Наглость луны заставила его подняться и попытаться защититься от нее при помощи ситцевых штор цвета солнца, но она не сдавалась, выискивала лазейки и, легко проникая через них, смеялась над усилиями мужчины.
«Не можешь спать — займись делом, но так, чтобы никому не мешать», — сказал себе Олег. «Никому» относилось к спавшей крепким сном Наташе. Теперь она лежала на животе, широко раскинув руки и ноги.
«Легко сказать „займись делом“, но каким?» Олег отправился в кухню, плотно прикрыв за собой дверь. «Может, какую-нибудь книгу почитать?» Его взгляд наткнулся на цветной пакет, который за неимением более подходящего места он положил на обеденный стол. В нем находился дневник Родиона Иконникова, так напугавший Свету.
— Что же в тебе есть такое, вызывающее страх? Удивительное изобретение человека — слово, вне зависимости от того, произнесено оно вслух или написано. Оно может вызвать гнев, восторг, радость, печаль, жалость, желание, страх, любовь. Передать ощущение холода, жары, голода, боли, эйфории, стыда.
Потертый кожаный переплет тетради, пожелтевшие страницы, мелкий, убористый, но удивительно четкий почерк. Это был, собственно, не дневник: писавший его не помечал события датами, они явно не были важны для него, ничего не значили.

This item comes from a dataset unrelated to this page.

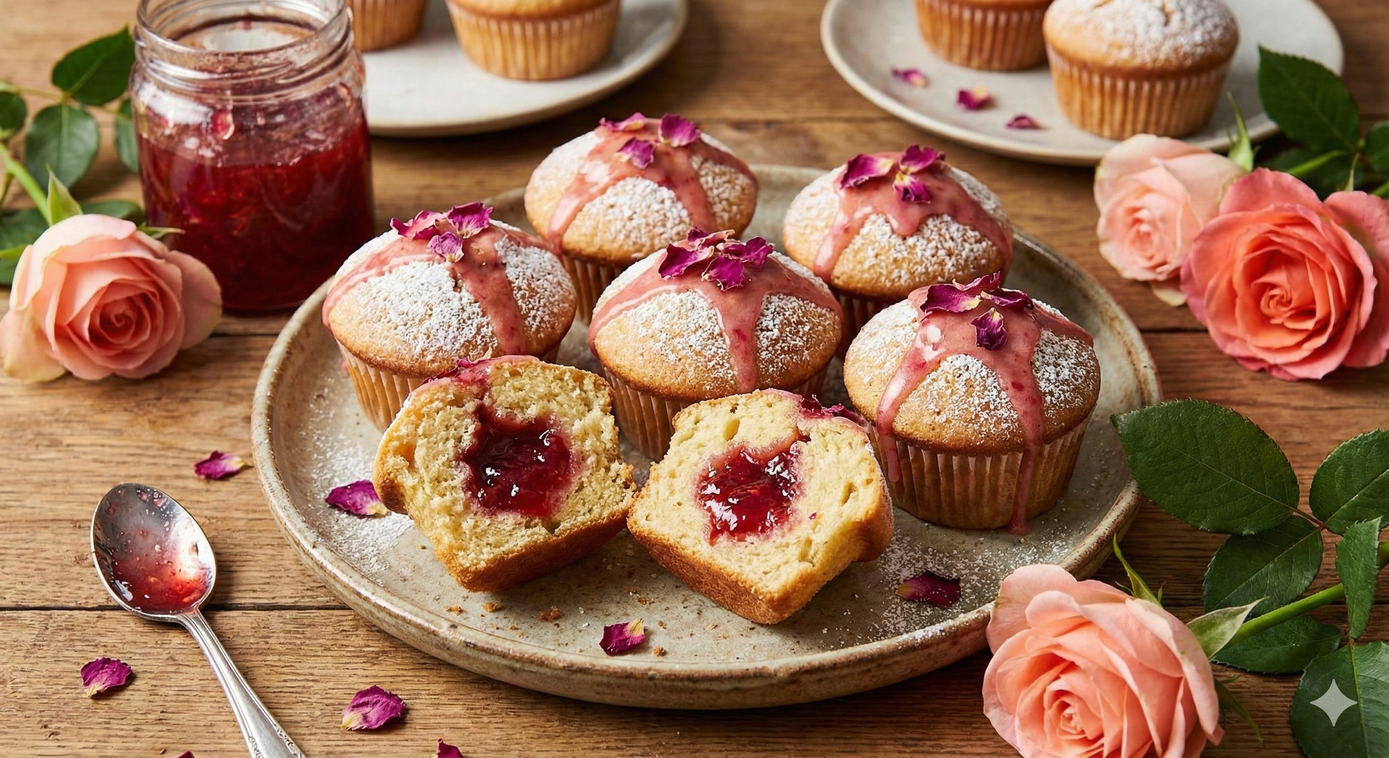 Marmoladę wymieszać z konfiturą z płatków róży. Do formy muffinowej włożyć 12 papilotek, wyłożyć połowę wyrośniętego ciasta i ułożyć porcję marmolady.

Недописанный роман о чуме вновь напомнил о себе и замыслах, которые так и остались нереализованными. Было странно оказаться в том месте, где до этого блуждал лишь в воображении. Город ХХ века внешне мало похож на себя самого, каким был в ХVIII столетии. Так человек, меняясь внешне в течение жизни, сохраняет свой внутренний стержень, свое «я». Волею судьбы заброшенный в этот древний город, я с большим удовольствием бродил по мощенным дорожкам древнейшей православной святыни, Печерского монастыря, замирал от переполнявших меня чувств возле нетленных мощей святых старцев, похороненных в монастырских пещерах, поражался воле и желанию затворников, добровольно замуровавших себя, лишившись до конца жизни солнечного света, изнурявших тело невероятной аскезой — довольствовались лишь одной маленькой просвирой и небольшим количеством воды в день. И крамольные мысли полезли в мою голову: ведь тьма — обитель сатаны, его царство! Разве можно, находясь во тьме, стремиться к свету, молить о милости Господа? Другое дело дома Господа — великолепные храмы, церкви, устремлявшиеся к небу острые шпили золоченых куполов, блистающие золотом алтарей, окладами святых икон, приводящие в трепет церковным песнопением, торжественными ритуалами. И вновь мысленно возвращался в прошлое, о событиях которого известно из летописей. Во время эпидемии чумы полностью вымирали монастыри, смерть косила слуг Господа наравне с грешниками, никому не делая поблажки. Что это было? Искушение верой или слабость Бога и сила сатаны? Я боялся этих мыслей, толкающих к атеизму, а то и еще дальше в глубины тьмы.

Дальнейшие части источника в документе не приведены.